**** Available data ****
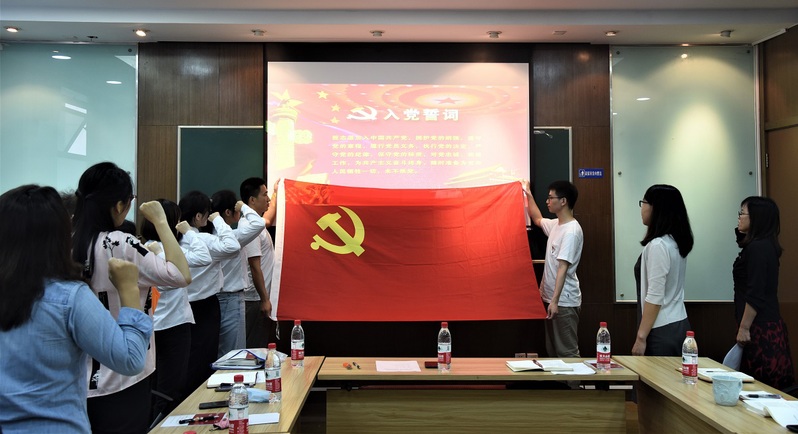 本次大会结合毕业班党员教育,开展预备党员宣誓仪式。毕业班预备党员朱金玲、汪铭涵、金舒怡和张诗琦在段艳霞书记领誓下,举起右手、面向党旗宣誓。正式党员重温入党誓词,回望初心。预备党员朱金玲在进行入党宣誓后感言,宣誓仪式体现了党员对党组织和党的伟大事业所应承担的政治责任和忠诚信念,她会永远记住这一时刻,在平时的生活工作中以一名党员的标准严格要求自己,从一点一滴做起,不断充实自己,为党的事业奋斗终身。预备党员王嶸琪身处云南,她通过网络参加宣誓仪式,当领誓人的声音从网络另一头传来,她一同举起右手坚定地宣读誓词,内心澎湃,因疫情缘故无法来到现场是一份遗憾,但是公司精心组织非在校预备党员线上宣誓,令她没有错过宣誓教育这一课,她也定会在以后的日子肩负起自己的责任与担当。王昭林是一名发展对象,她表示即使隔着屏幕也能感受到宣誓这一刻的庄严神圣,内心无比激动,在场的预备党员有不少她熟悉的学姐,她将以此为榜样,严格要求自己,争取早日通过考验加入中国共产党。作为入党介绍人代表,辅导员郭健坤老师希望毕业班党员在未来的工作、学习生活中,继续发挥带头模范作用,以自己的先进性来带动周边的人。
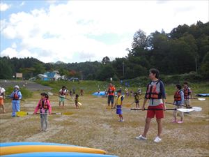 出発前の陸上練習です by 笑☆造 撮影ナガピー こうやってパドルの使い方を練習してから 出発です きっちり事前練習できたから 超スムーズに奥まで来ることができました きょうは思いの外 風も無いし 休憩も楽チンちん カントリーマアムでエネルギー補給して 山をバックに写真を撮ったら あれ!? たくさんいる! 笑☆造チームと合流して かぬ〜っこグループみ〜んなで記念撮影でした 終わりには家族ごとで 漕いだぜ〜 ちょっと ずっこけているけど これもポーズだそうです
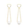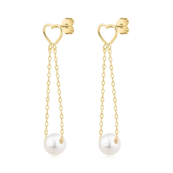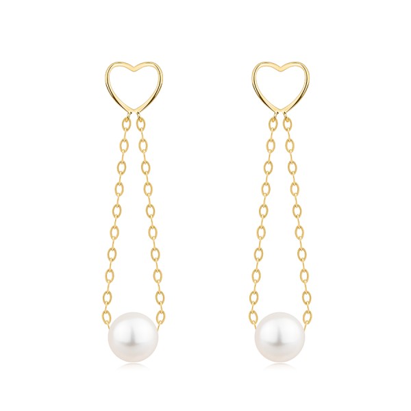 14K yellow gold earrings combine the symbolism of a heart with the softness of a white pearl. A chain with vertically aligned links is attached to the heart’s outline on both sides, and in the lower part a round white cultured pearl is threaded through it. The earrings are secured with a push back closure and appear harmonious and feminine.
****
**** Available data ****
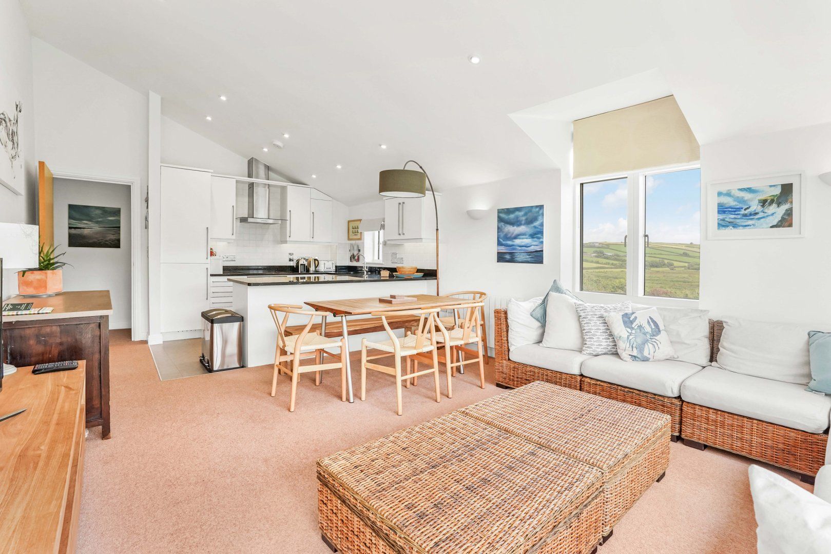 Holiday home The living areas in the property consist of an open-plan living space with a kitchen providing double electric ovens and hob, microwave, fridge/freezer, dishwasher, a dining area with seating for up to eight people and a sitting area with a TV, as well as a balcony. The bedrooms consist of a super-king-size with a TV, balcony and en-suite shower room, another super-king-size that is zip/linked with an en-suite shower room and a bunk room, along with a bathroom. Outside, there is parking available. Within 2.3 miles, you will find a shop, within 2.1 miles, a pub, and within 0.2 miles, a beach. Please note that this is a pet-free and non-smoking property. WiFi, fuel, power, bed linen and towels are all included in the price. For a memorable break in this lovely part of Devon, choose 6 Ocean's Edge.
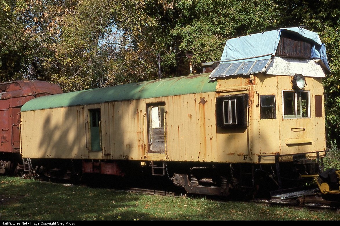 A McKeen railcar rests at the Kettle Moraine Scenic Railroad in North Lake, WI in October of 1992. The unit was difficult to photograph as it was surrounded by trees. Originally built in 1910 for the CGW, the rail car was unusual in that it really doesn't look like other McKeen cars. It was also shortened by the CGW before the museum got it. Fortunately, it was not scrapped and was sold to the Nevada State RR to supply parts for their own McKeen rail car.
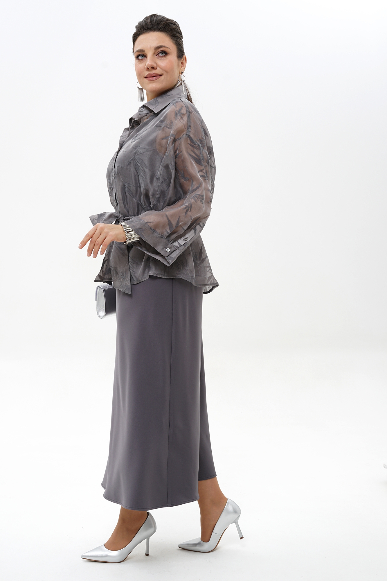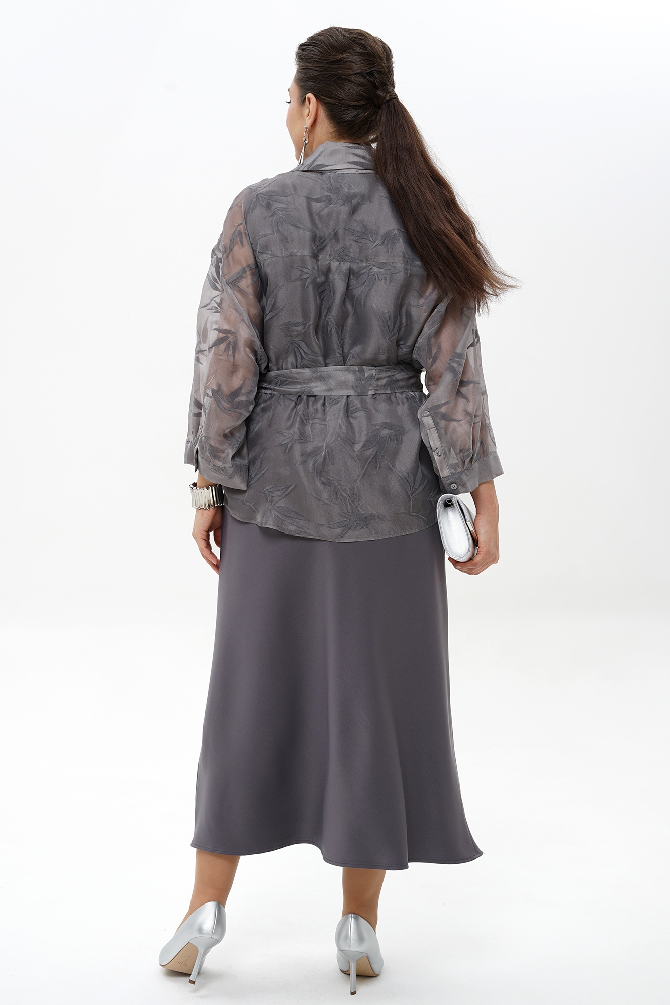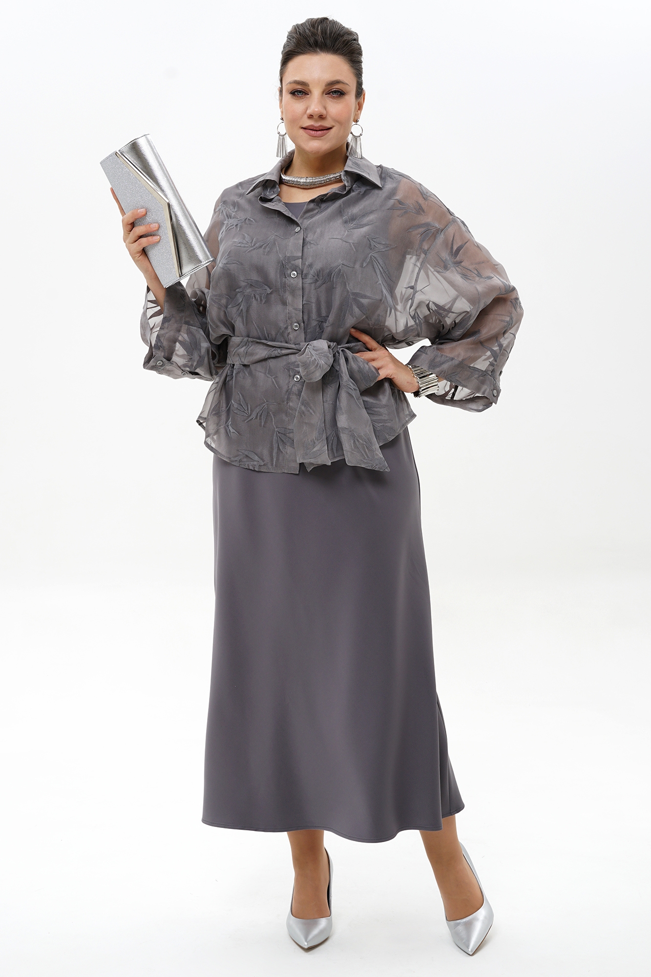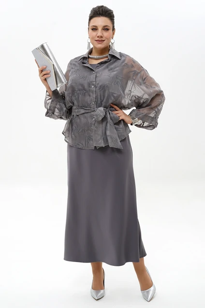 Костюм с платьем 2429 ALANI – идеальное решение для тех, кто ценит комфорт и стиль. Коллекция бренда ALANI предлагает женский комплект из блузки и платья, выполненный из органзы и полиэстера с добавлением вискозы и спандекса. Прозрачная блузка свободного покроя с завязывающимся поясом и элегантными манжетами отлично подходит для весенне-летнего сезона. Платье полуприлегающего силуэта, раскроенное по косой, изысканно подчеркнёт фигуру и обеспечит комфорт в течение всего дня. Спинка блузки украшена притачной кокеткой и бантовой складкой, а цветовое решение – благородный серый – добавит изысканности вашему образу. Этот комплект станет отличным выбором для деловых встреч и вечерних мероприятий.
****
**** Available data ****
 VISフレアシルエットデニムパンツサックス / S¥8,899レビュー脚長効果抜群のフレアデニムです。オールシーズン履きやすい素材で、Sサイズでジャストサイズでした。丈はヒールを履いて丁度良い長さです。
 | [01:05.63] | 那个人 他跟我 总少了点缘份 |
****
**Assignment:** Find the line with "本次大会结合毕业班党员教育,开展预备党员" in the data above, and from there retype each line exactly through the line with "14K yellow gold", skipping the pictures along the way.

**Exercise response:**
 本次大会结合毕业班党员教育,开展预备党员宣誓仪式。毕业班预备党员朱金玲、汪铭涵、金舒怡和张诗琦在段艳霞书记领誓下,举起右手、面向党旗宣誓。正式党员重温入党誓词,回望初心。预备党员朱金玲在进行入党宣誓后感言,宣誓仪式体现了党员对党组织和党的伟大事业所应承担的政治责任和忠诚信念,她会永远记住这一时刻,在平时的生活工作中以一名党员的标准严格要求自己,从一点一滴做起,不断充实自己,为党的事业奋斗终身。预备党员王嶸琪身处云南,她通过网络参加宣誓仪式,当领誓人的声音从网络另一头传来,她一同举起右手坚定地宣读誓词,内心澎湃,因疫情缘故无法来到现场是一份遗憾,但是公司精心组织非在校预备党员线上宣誓,令她没有错过宣誓教育这一课,她也定会在以后的日子肩负起自己的责任与担当。王昭林是一名发展对象,她表示即使隔着屏幕也能感受到宣誓这一刻的庄严神圣,内心无比激动,在场的预备党员有不少她熟悉的学姐,她将以此为榜样,严格要求自己,争取早日通过考验加入中国共产党。作为入党介绍人代表,辅导员郭健坤老师希望毕业班党员在未来的工作、学习生活中,继续发挥带头模范作用,以自己的先进性来带动周边的人。
 出発前の陸上練習です by 笑☆造 撮影ナガピー こうやってパドルの使い方を練習してから 出発です きっちり事前練習できたから 超スムーズに奥まで来ることができました きょうは思いの外 風も無いし 休憩も楽チンちん カントリーマアムでエネルギー補給して 山をバックに写真を撮ったら あれ!? たくさんいる! 笑☆造チームと合流して かぬ〜っこグループみ〜んなで記念撮影でした 終わりには家族ごとで 漕いだぜ〜 ちょっと ずっこけているけど これもポーズだそうです
 14K yellow gold earrings combine the symbolism of a heart with the softness of a white pearl. A chain with vertically aligned links is attached to the heart’s outline on both sides, and in the lower part a round white cultured pearl is threaded through it. The earrings are secured with a push back closure and appear harmonious and feminine.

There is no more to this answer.